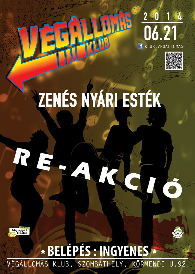 Szombaton, immár a kerthelyiségben a Re-.Akció szórakoztatja a nagyérdeműt egy kellemes szabadtéri, zenélgetés keretében.
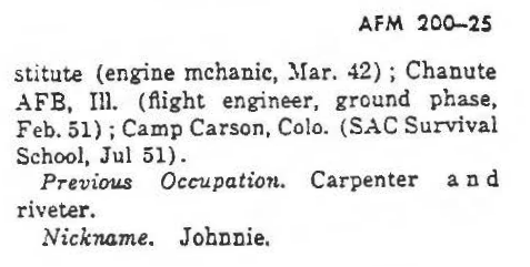 Data Sources - Air Force Manual No. 200-25A, Department of the Air Force, Washington, October 16, 1961 page 1. Sanitized copy. National Archives KOREAN Conflict Casualty File (KCCF) 1950-1954.
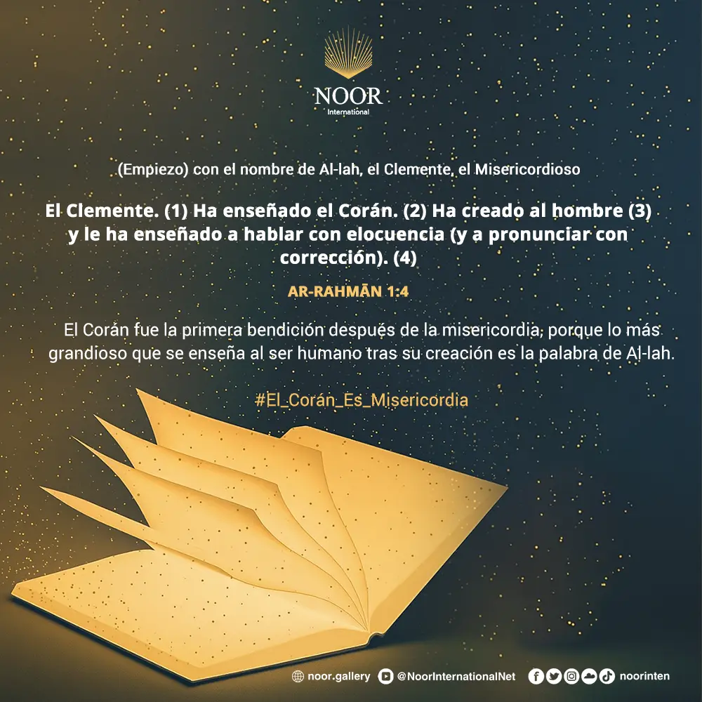 El Corán fue la primera bendición después de la misericordia, porque lo más grandioso que se enseña al ser humano tras su creación es la palabra de Al-lah.
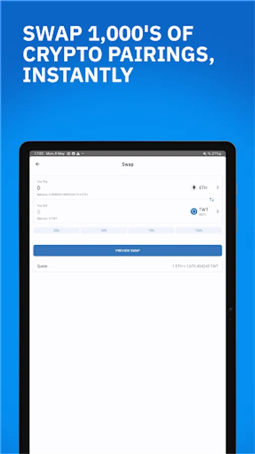Trust Wallet supports 8+ million digital assets, non-fungible tokens (NFTs), 70+ blockchains, and allows you to connect safely to thousands of Web3 dApps.
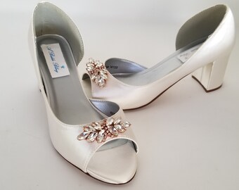 White Bridal Shoes With T Strap Rose Gold Block Heel Peep Toe
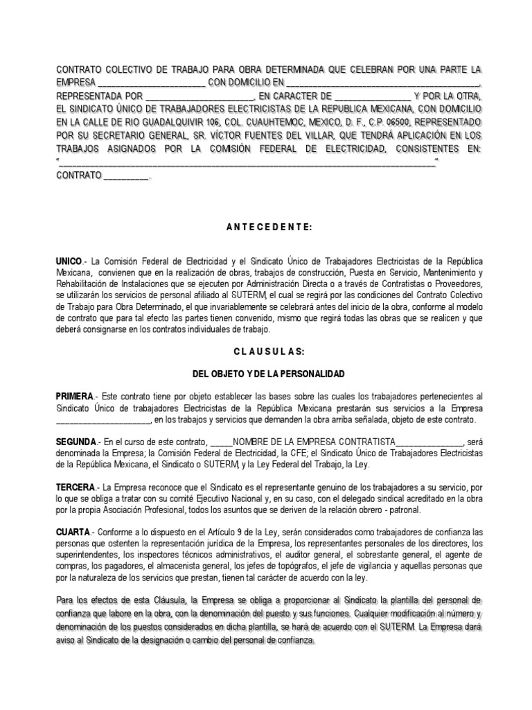 Contrato Colectivo De Trabajo Para Obra Determinada
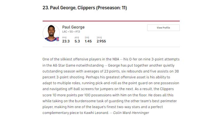 快船前鋒保羅-喬治,此次排名出現了大幅度下滑。
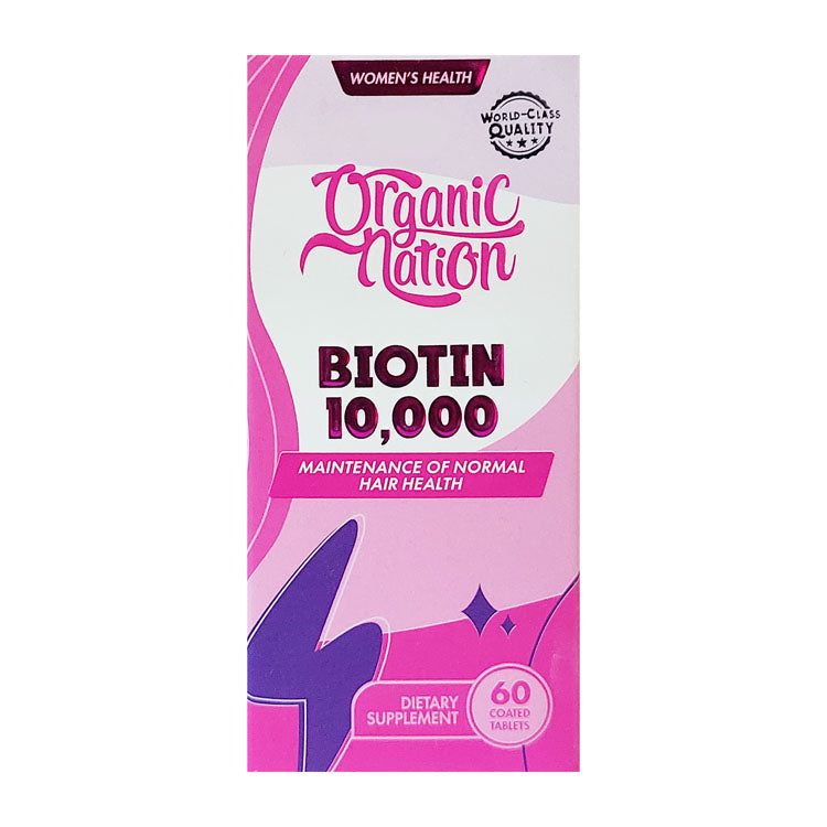 توفر تركيبة Organic Nation الغذائية 10000 ميكروغرام من البيوتين، وهي مصممة خصيصًا لدعم وتعزيز نمو الشعر.
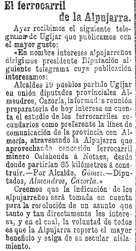 30 de agosto de 1904. El ferrocarril a la Alpujarra
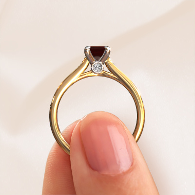 The ring shown above is called the Valorie eme 2. We call this type of ring a pavé solitaire ring because it has one centre gemstone and a band that is also pave set with gemstones. The 14 Carat gold engagement ring is set with a emerald cut 6.5x4.5 mm garnet centre stone and the band is pave set with diamond gemstones. Each jewel is made by a team of passionate goldsmiths and jewel designers. This will make your crown jewel truly eye-catching.This classic gold pavé solitaire engagement ring has an exquisite emerald cut garnet centre stone. To further accentuate the centre stone, the band is fully set with more diamonds. Its open prong setting allows light to strike the garnet from various angles and this adds sparkle to your garnet ring. The photo shown above depicts the goldsmith's carefully handcrafted details of the ring. The high positioning of the centre stone is truly eye-catching. The perfect engagement ring for the crown jewel of your life! By using our modern techniques, we can design and customize the finest quality jewels with the utmost care for you. Our engagement rings are always priced 30 percent lower than other jewellers. We make engagement rings to order so we don't have to maintain a large stock. If you have a certain budget, we are more than happy to advice you accordingly.Have you found a specific engagement ring somewhere which you would like to give to your loved one? Please feel free to express your wishes to our jewel designers because we would be honoured to turn your design into a classic engagement ring. You can follow the development of your ring design because we use 3D drawings. This gives you a realistic preview of how your design will look. You can also preorder a dummy. A dummy is a plastic ring, which can be shaped according your ring design. You can try it on and check if its width and size are suitable for you. We will gladly send you a non-binding offer, based on a fair price/ quality ratio. It will amaze you, considering the quality of the ring and gemstones.To make it easier for you, we offer a 30 day return policy. Check our terms and conditions.
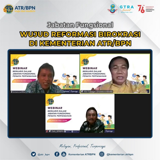 Jakarta – Dalam rangka melakukan Reformasi Birokrasi, pemerintah telah mengeluarkan terobosan dalam penyederhanaan birokrasi dengan membuat Jabatan Fungsional kepada Aparatur Sipil Negara (ASN) agar lebih tangkas, adaptif dan profesional dalam melayani masyarakat. Menginisiasi hal tersebut, Kementerian Agraria dan Tata Ruang/Badan Pertanahan Nasional (ATR/BPN) melalui Pusat Pengembangan Sumber Daya Manusia (PPSDM) menggelar Webinar dengan tema “Berkarir dalam Jabatan Fungsional Penata Pertanahan” secara daring, Rabu (28/07/2021).
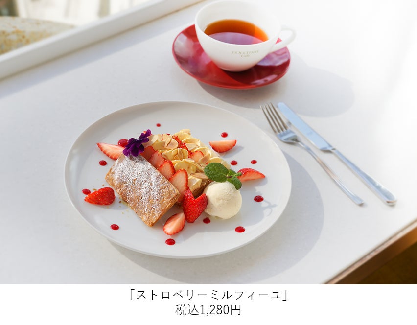 旬の苺とカスタードホイップをサクサクのパイでサンドした「ストロベリーミルフィーユ」は、見た目にも華やかな1品。甘酸っぱい苺と濃厚なカスタードホイップ、さらに横に添えてあるバニラアイスのマリアージュをお楽しみいただけます。
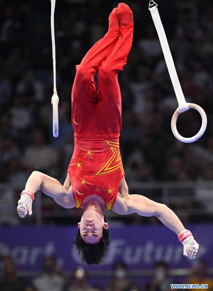 HANGZHOU, 26 septiembre, 2023 (Xinhua) -- Zhang Boheng, de China, compite en los anillos de la Final Masculina del All-Around de Gimnasia Artística en los XIX Juegos Asiáticos, en Hangzhou, en la provincia de Zhejiang, en el este de China, 26 de septiembre de 2023. (Xinhua/Cheng Min)
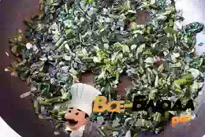 3. Мелко порежьте и поджарьте 1 луковицу до прозрачности на оливковом масле. Добавьте стакан шпината, жарьте, помешивая еще 2-3 минуты.
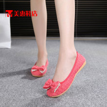 老北京布鞋女鞋平底单鞋休闲鞋豆豆鞋蝴蝶结浅口百搭平跟女士布鞋
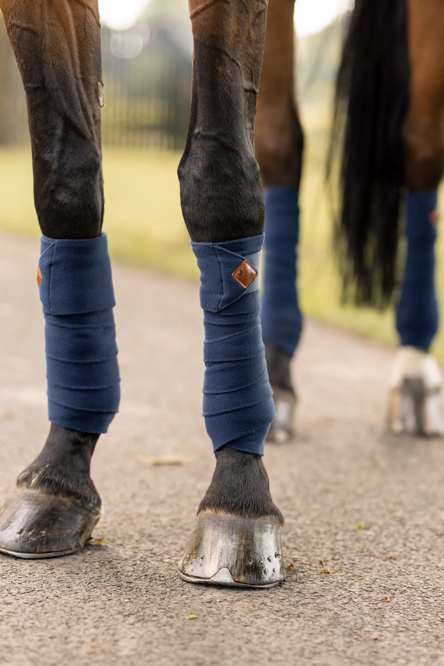 De er laget av mykt fleecemateriale som gir demping og støtte. Lengden på bandasjene kan kortes ned til ønsket lengde. Ved lukkingen er det logodetaljer i uekte lær som gir et stilig preg på bandasjene. Lukkingen kommer med ikke-klebrig borrelås, noe som gjør at hår og smuss ikke fester seg. Dette gjør dem også lettere å rense og vedlikeholde.

******

Your objective:
Extract from the material above the stretch running from the line containing "توفر تركيبة Organic" through the line containing "30 de agosto". Keep the text exact and the pictures out.

Result of this exercise:
 توفر تركيبة Organic Nation الغذائية 10000 ميكروغرام من البيوتين، وهي مصممة خصيصًا لدعم وتعزيز نمو الشعر.
 30 de agosto de 1904. El ferrocarril a la Alpujarra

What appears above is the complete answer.